Two Consumer GPUs, One Evening, and a 245% Reasoning Boost: How LLM Circuit Finder Works

Most approaches to improving LLM reasoning involve expensive fine-tuning, synthetic data pipelines, or reinforcement learning loops that eat GPU-weeks. LLM Circuit Finder throws all of that out. Instead, it copies three specific transformer layers, pastes them back into the forward pass, and watches logical deduction scores jump from 0.22 to 0.76 on Big-Bench Hard. No weight changes. No training. The entire discovery was made on two AMD consumer GPUs in a single evening.

The project hit Hacker News this week with 88 points and 30 comments, and landed on bestofshowhn.com’s March 2026 picks. The discussion it sparked — about whether transformers contain manipulable “cognitive units” — is arguably more interesting than the tool itself.

The RYS Method: Where This All Started

LLM Circuit Finder builds on David Ng’s RYS (Repeat Yourself) technique, which first surfaced in mid-2024. Ng’s original insight was deceptively simple: what if certain blocks of transformer layers function as indivisible reasoning pipelines, and running inputs through them twice makes the model think harder?

He tested this on Qwen2-72B by duplicating seven middle layers. The results: +17.72% on MuSR and +8.16% on MATH benchmarks. No weights were modified. The model just got a second pass through its reasoning circuit with the exact same parameters.

What happened next validated the approach in a way benchmarks alone couldn’t. Community members took Ng’s RYS-modified models, fine-tuned them further, and the resulting models topped the HuggingFace Open LLM Leaderboard. As of early 2026, descendants of those RYS models still dominate several leaderboard categories.

Two observations originally inspired Ng’s hypothesis. First, LLMs can reason in Base64 encoding — suggesting that reasoning happens in abstract intermediate representations, not at the token level. Second, the Goliath-120B “frankenmerge” model (which stitched together layers from different models) worked despite violating every assumption about weight distribution consistency. If you could Frankenstein layers together and get coherent output, maybe the layer-level organization was more modular than anyone thought.

What LLM Circuit Finder Actually Does

The toolkit automates the process of finding these reasoning circuits across any transformer model. Rather than guessing which layers matter, it runs a systematic three-phase sweep:

Phase 1: Coarse scan. Test large blocks (8 layers) with wide strides across the full model to identify “hot zones” — regions where duplication improves benchmark scores.
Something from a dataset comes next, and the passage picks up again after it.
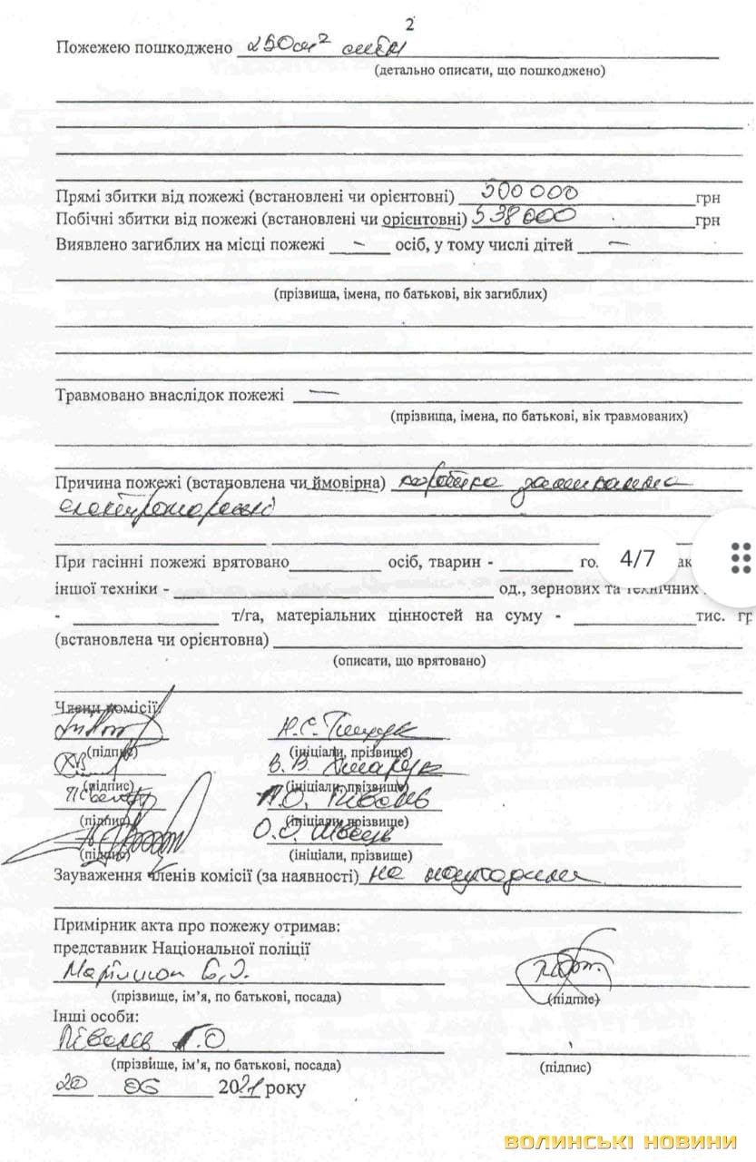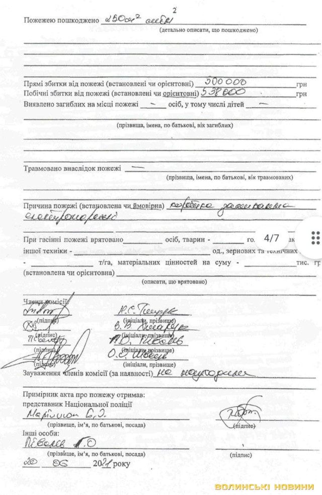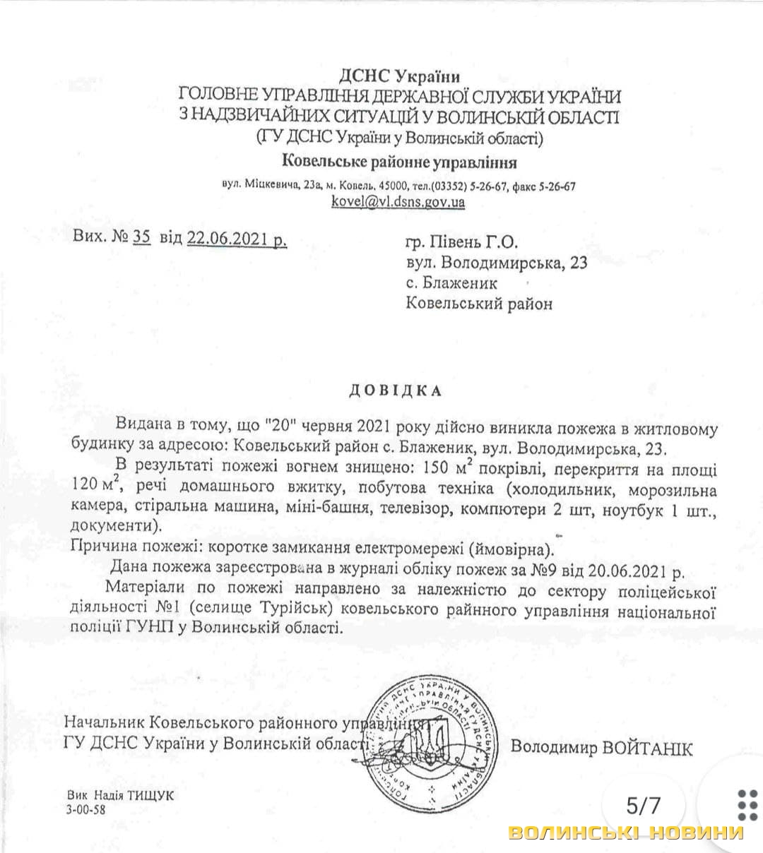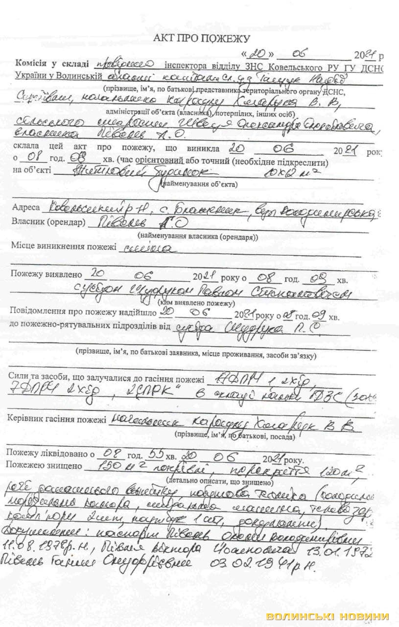 «Зранку 22 червня 2021 року на Кирилів день (релігійне свято у православних християн, – ВН) я пішла на роботу, залишивши у хаті двох малолітніх доньок – 7-річну Валерію, 14-річну Вікторію та стареньку матір чоловіка Віктора. Він (чоловік, – ВН) завіз мене на роботу і повернувся додому, аби вивести корову на пасовисько. Разом з корівкою відійшов приблизно 400 метрів, бачить – хата горить! Прибігли сусіди, почали гасити пожежу. А вогонь вже й перекинувся на шифер. Тим часом чоловік побіг у палаючу хату, і вивів дітей, а тоді їхню бабусю», – схлипує багатодітна мати, відтворюючи страшні події двомісячної давнини.Викликали пожежників. Прибуло два екіпажі – один з Турійська, а інший – з Володимира-Волинського. Утім, аби загасити вогнище, води, залитої в резервуари спецтранспорту рятувальників, на жаль не вистачило.

Phase 2: Precision targeting. Narrow down to 3-5 layer blocks with stride-1 scanning to find exact circuit boundaries.

Phase 3: Pattern exploration. Experiment with multi-pass and interleaved configurations to discover different cognitive profiles.

That last phase produced one of the project’s most surprising findings: different duplication patterns activate different capabilities from the same weights. Double-pass through the reasoning circuit enhances mathematics. Triple-pass strengthens what the creator calls “emotional intelligence” (measured via a custom EQ benchmark). Interleaved patterns maximize math performance further. Same model, same weights, different routing — different cognitive specialization.
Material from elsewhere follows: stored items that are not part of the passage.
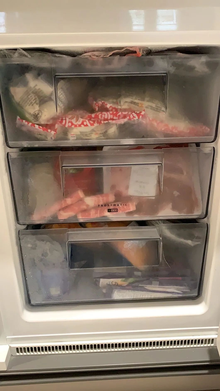 江先生给记者展示的照片显示,冰箱、地板已堆满生活必需的各种物品。尤其是冰箱,塞得满满当当。
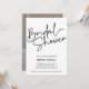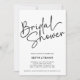Minimalist PHOTO bridal shower invitations featuring "Bridal Shower" at the top left, presented in a black calligraphy script against a classic white background with space, on the reverse side, for a portrait or vertical photo. Customize the chic bridal shower invitations with the name of the bride-to-be and shower party details below. The contemporary bridal shower background can be changed in any colour!. Vertical version
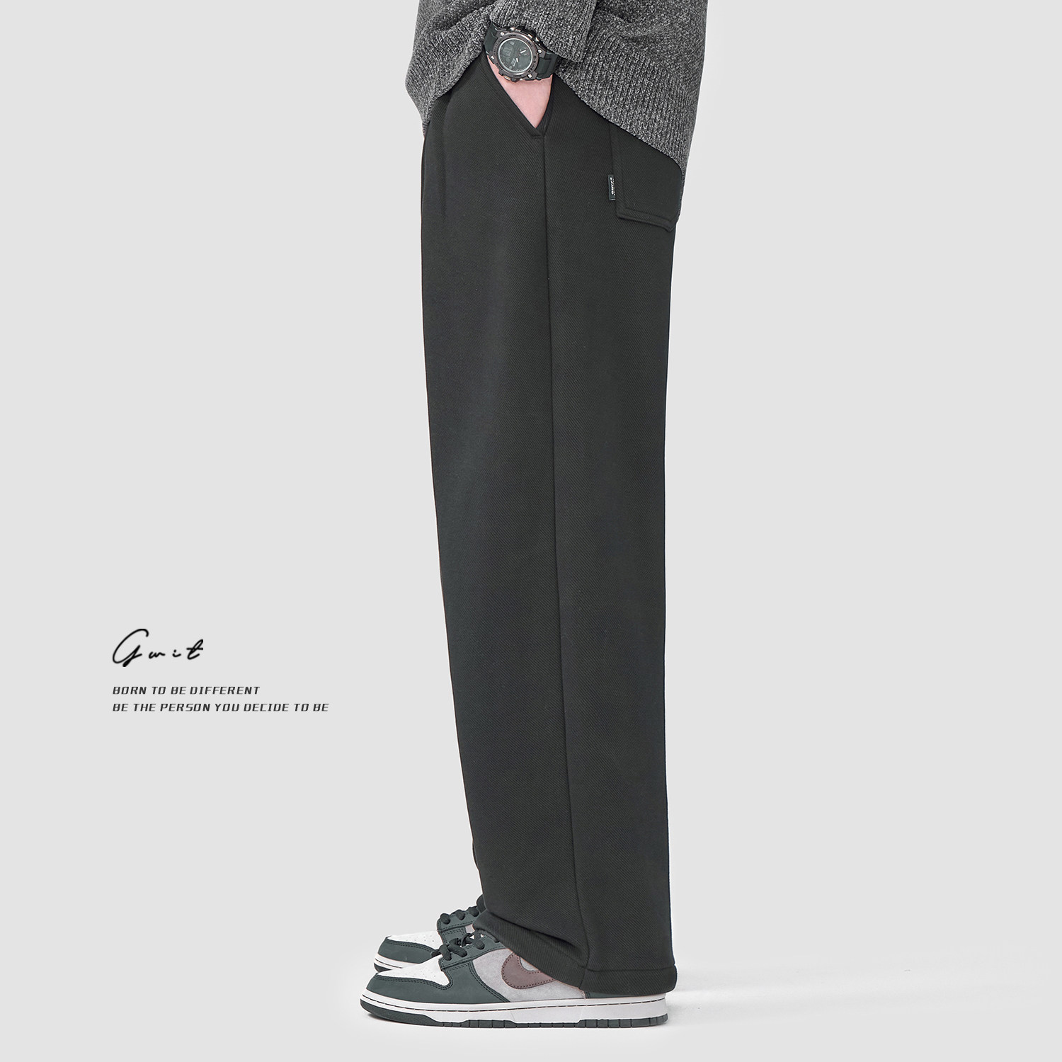 GWIT Бархатные зимние удерживающие тепло утепленные штаны, свободный прямой крой
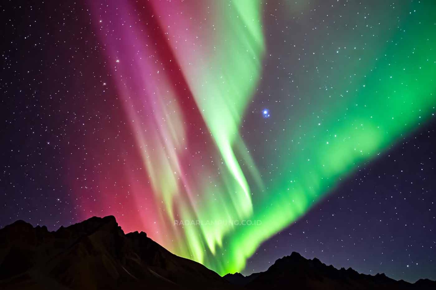 Terjadi di dekat kutub utara dan selatan, aurora muncul ketika partikel bermuatan dari Matahari bertabrakan dengan medan magnet Bumi. Benturan ini menghasilkan pancaran warna hijau, ungu, dan merah muda yang berpendar di langit malam.
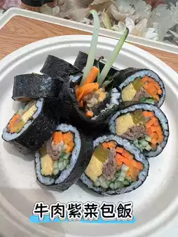 If you like to eat Korean seaweed rice, you must eat beef seaweed rice. The ingredients are fresh and rich 😛 There are also melted Korean egg rice and Korean waffles
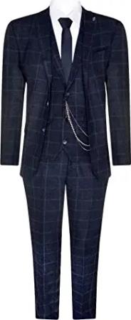 3 Teiliger Herren Anzug aus Wolle, Marineblau, Tweed, Kariert, Peaky 1920 Gatsby Formall

The Numbers That Got People Talking

The headline results come from two models:

Devstral-Small-2-24B (40 total layers, reasoning circuit at layers 12-14):
– BBH Logical Deduction: 0.22 → 0.76 (+245%)
– GSM8K math reasoning: 0.48 → 0.64 (+33%)
– MBPP code generation: 0.72 → 0.78 (+8%)
– Average improvement across all benchmarks: +8%

Qwen2.5-Coder-32B (64 total layers, reasoning circuit at layers 7-9):
– Reasoning composite: 76.5% → 94.1% (+23%)
– EQ benchmark: 92.1 → 93.6 (+1.6%)

The boundaries are surgical. Shift the duplicated block by a single layer in either direction, and the improvement vanishes — or inverts. Layers 12-14 on Devstral are the reasoning circuit. Layers 11-13 or 13-15 are not. This isn’t a gradient; it’s a cliff.

The cost is modest. Three extra layers on a 40-layer model adds roughly 7.5% to inference time and about 1.5 GiB of extra VRAM. For a 245% improvement in logical deduction, that’s a trade most practitioners would take without blinking.

Why This Matters Beyond the Benchmarks

The Hacker News discussion around LLM Circuit Finder centered less on the tool and more on what it implies about how transformers organize knowledge.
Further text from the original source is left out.